Novel VLP Vaccine Begins Clinical Trials, and Is Added to WHO COVID-19 Candidate Vaccine List
An innovative COVID-19 vaccine developed by Prof. İhsan Gürsel of the Department of Molecular Biology and Genetics in collaboration with his spouse, Prof. Mayda Gürsel of Middle East Technical University, was recently granted Phase I clinical trial approval by TITCK; administration of the candidate vaccine to volunteers began on March 27. In addition, the World Health Organization (WHO) has added the study to its COVID-19 candidate vaccine landscape and tracker list.
The vaccine that the Gürsels’ research team has been working on is based on the use of virus-like particles (VLP). In announcing (via Twitter) the inclusion of the vaccine on the WHO list, Minister of Industry and Technology Mustafa Varank noted that it was only the fourth such vaccine candidate in the world to have entered the human clinical trial stage.

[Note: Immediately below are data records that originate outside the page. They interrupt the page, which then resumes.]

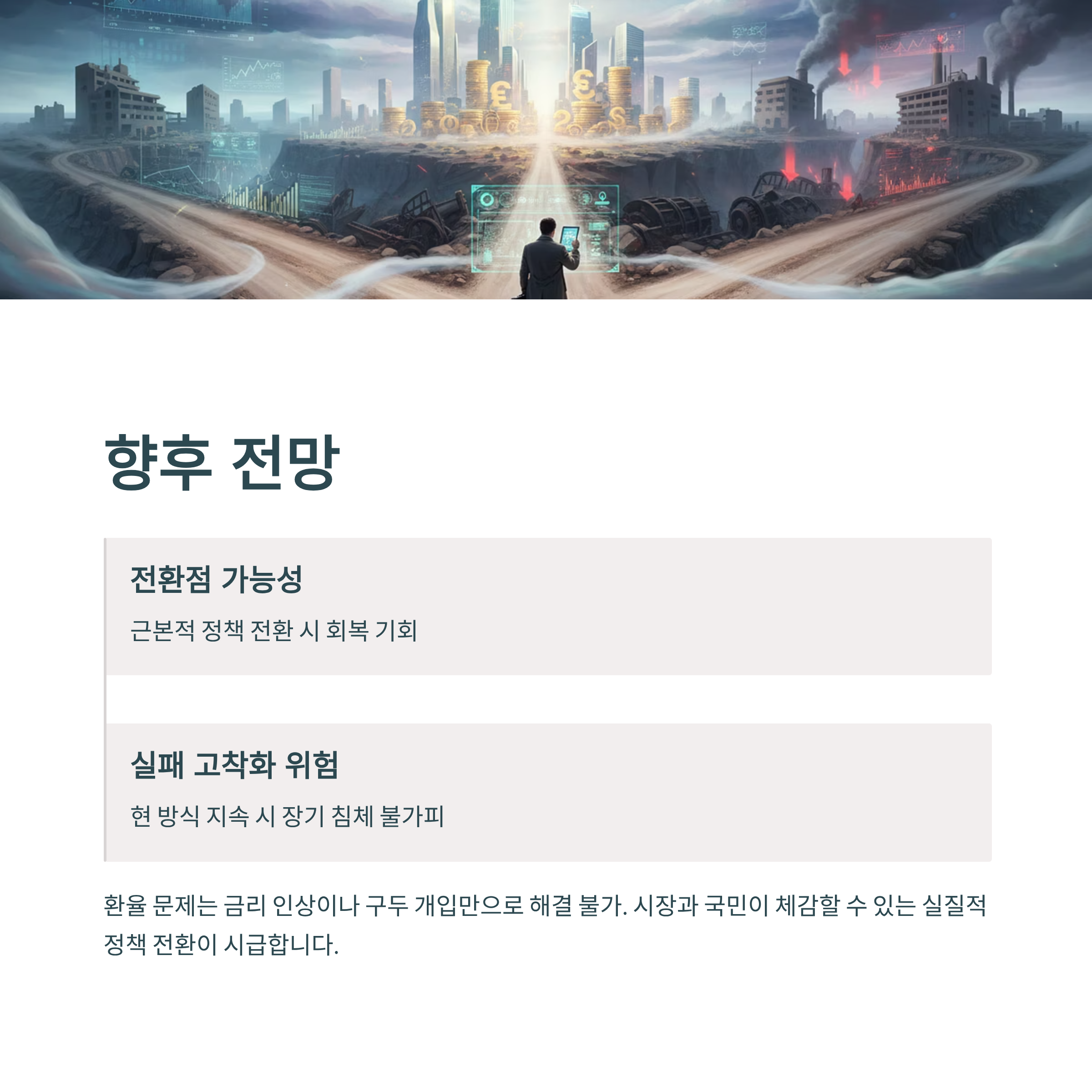 환율 문제는 단순히 금리 인상이나 구두 개입만으로 해결될 수 없다. 대신, 경제 펀더멘털을 탄탄히 하고 국제적 신뢰를 회복하는 데 초점을 맞춰야 한다. 시장은 물론, 국민들이 정책의 실효성을 체감할 수 있는 방향으로의 전환이 필요하다. 향후 환율이 정부의 전환점이 될지, 정책 실패의 상징으로 남을지는 더 지켜봐야 할 문제다.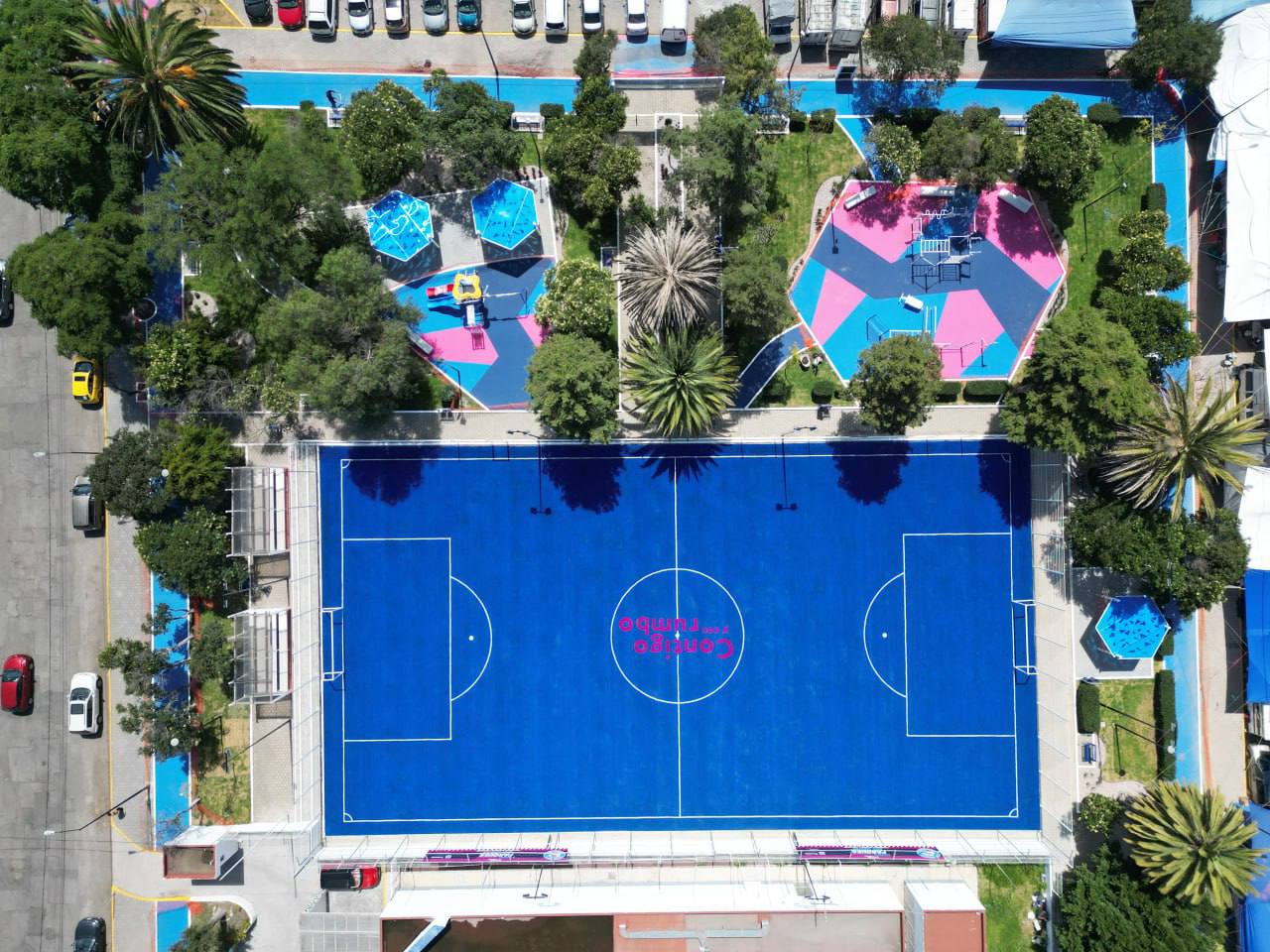 Y es que este complejo se estrenó con una nueva cancha de fútbol con pasto sintético, gradas, trotapista, juegos infantiles, área canina, equipo de calistenia y demás mobiliario urbano que ahora permite el disfrute en familia y la actividad física de miles de personas de esta demarcación.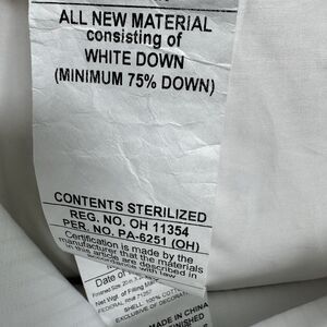 Fabric: cotton; 24 oz. down fill Fill power: 600 Thread count: 400
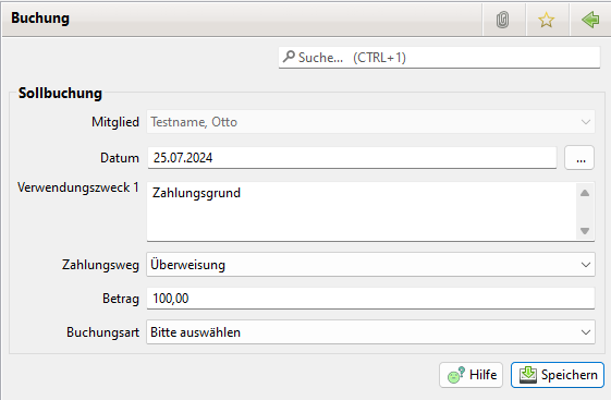 Über den Menüpunkt "Neue Sollbuchung" können neue Sollbuchungen aufgenommen werden.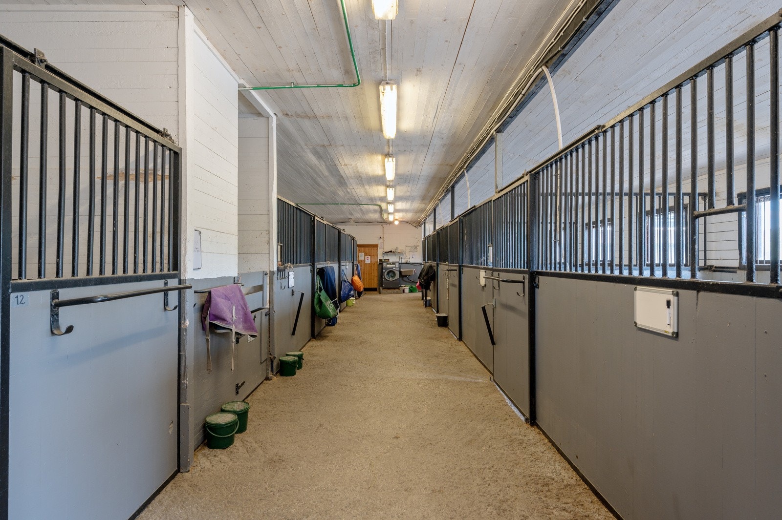 oppgraderinger. Stallen har en rasjonell og moderne inndeling med 16 hestebokser, 1 ponnyboks, 4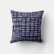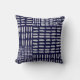 Modern throw pillow features an abstract broken line geometric art pattern in a navy blue colour palette with grey and white accents. A stylish modern global-inspired pattern; one design of a coordinating collection.

The team’s vaccine is also listed in the New York Times Coronavirus Vaccine Tracker and the compilation of COVID-19 studies accessible through the US National Library of Medicine’s clinicaltrials.gov site.
The Gürsels’ project is among 17 supported by the COVID-19 Vaccine and Drug Platform of the Scientific and Technological Research of Turkey (TÜBİTAK), which is overseeing eight vaccine and nine drug studies with the aim of combatting the deadly outbreak. Their vaccine is the only VLP-based vaccine in development in Turkey.
The VLP concept works on the principle of mimicking a noninfectious type of SARS-CoV-2 virus (the virus that causes COVID-19). VLPs are basically multiprotein structures that copy cardinal features of the virus, but do not replicate the viral genome. The vaccine elicits an immune response without inducing an infection.
Prof. Gürsel notes that this is the only VLP vaccine in clinical trials that uses the four structural proteins of the SARS-CoV-2 virus as the vaccine antigen source. Following the demonstration of the safety and immunogenicity of the VLP vaccine on healthy volunteers, the team is expecting to initiate a Phase II clinical trial by the end of May.